The signal was present. The management system — reporting culture, escalation pathway, authority to stop — failed to convert the signal into action.
Spare Parts Unavailability at the Critical Moment
The bearing is gone. The replacement is not in stock. Lead time is ten days. The crane is down for ten days while a production crisis unfolds. The spare parts inventory decision was made months earlier — the reorder point was set too low, or stock was rationalised out of the system to reduce inventory value. That was a management decision.
Spare parts management is maintenance management. An empty shelf when a critical component fails is not bad luck — it is the consequence of a parts strategy that underweighted availability risk.

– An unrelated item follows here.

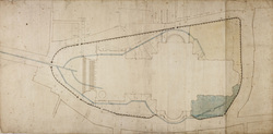 A survey plan of entire precinct, with the cathedral and street blocks in outline, showing the approved scheme for the churchyard railings, modifications to it, and the below-ground drains around the site. Drawn by Dickinson. Datable 1709-10; amendments c.1713. Drawn scale, 20 ft to 1 inch. On 28 January 1710 the Building Committee ordered that Richard Jones be contracted to make and erect a cast iron ‘Fence’ around the church, subject to any alterations that Wren should direct, and with a proviso that the statue of Queen Anne should stand within the enclosure. The railings were enclose ‘as much of the grounds of the Church-yard as conveniently can be’ (Wren Society 16, pp.108-09). This survey of the precinct incorporates a near-final scheme, after the demolition of the two blocks of houses on the north side (marked in dotted outlines). Probably dating towards the end of 1709, it supersedes the plan on WRE/7/2/2, in which railings on a narrower plinth create separate enclosures around the churchyard. Several revisions to the present plan, some of them deleted, indicate the reinstatement of the separately enclosed areas; these presumably followed Wren’s intervention after the scheme’s approval in January 1710. Added to the plan in black ink are straight sections linking the main railings to the north transept front. This scheme is illustrated in a detailed plan by Dickinson of 2 April 1713; see WRE/7/2/4. The executed scheme for the railings around the west portico is on a plan by Dickinson of the west stairs at crypt level at All Souls, dated 17 June 1710 (Geraghty 2007, no.110). This shows the reinstatement of straight sections of railings linking the north and south ends of the steps with the main railings. The completed railing enclosure, with its linking sections, is shown in mid-eighteenth-century engravings by R. Parr in the St Paul’s Collection (nos 55-57; Wren Society 14, pls 33, 34). Alternative positions for the statue of Queen Anne are indicated by faint pencil circles in the west churchyard, each with a brown-ink letter ‘R’ at its centre. The upper one is on the axis with Ludgate Hill, and the lower one (in the executed position) is on the west-east axis of the cathedral. The latter position avoids the underground drains, drawn in blue-shaded outline. Dickinson annotated the plan in three places to record the depth from ground-level to the crowns of the brick-vaulted drainage channels: (i), above the drain line in Ludgate Hill, ‘May 10th : 1710 / Mem.dm ye Draine here is 11 : 6 / from ye Surface to ye top of ye Crowne’; (ii), opposite the south-west angle, ‘Mem:dm ye G.t Draine here is / 7:f 8’ from ye Surface to ye / top of ye Crowne -- / & 4 : 6 Diam.r out to out’; and (iii), next to the west side of the north portico, ‘Mem.dm ye G.t Draine is [blank] / from ye surface to ye top of ye Crowne’. Dotted lines mark the public road and around the perimeter and Dickinson noted its width in many places. Notes in black ink, possibly in another hand, mark the names of buildings and plot owners on the north side of the churchyard.

Work Order Backlog Allowed to Grow Unaddressed
Maintenance notifications accumulate in the CMMS. Some of them are relatively minor — a noisy gearbox, a limit switch that's feeling stiff, a panel heater that's failed. None individually seems urgent enough to stop production for. The backlog grows over weeks. Eventually, the noisy gearbox seizes and the "relatively minor" item becomes a major unplanned stoppage.
Work order backlog growth is a management indicator. When it is rising, the maintenance system is consuming less work than it is generating. Without management intervention, the backlog accumulates risk.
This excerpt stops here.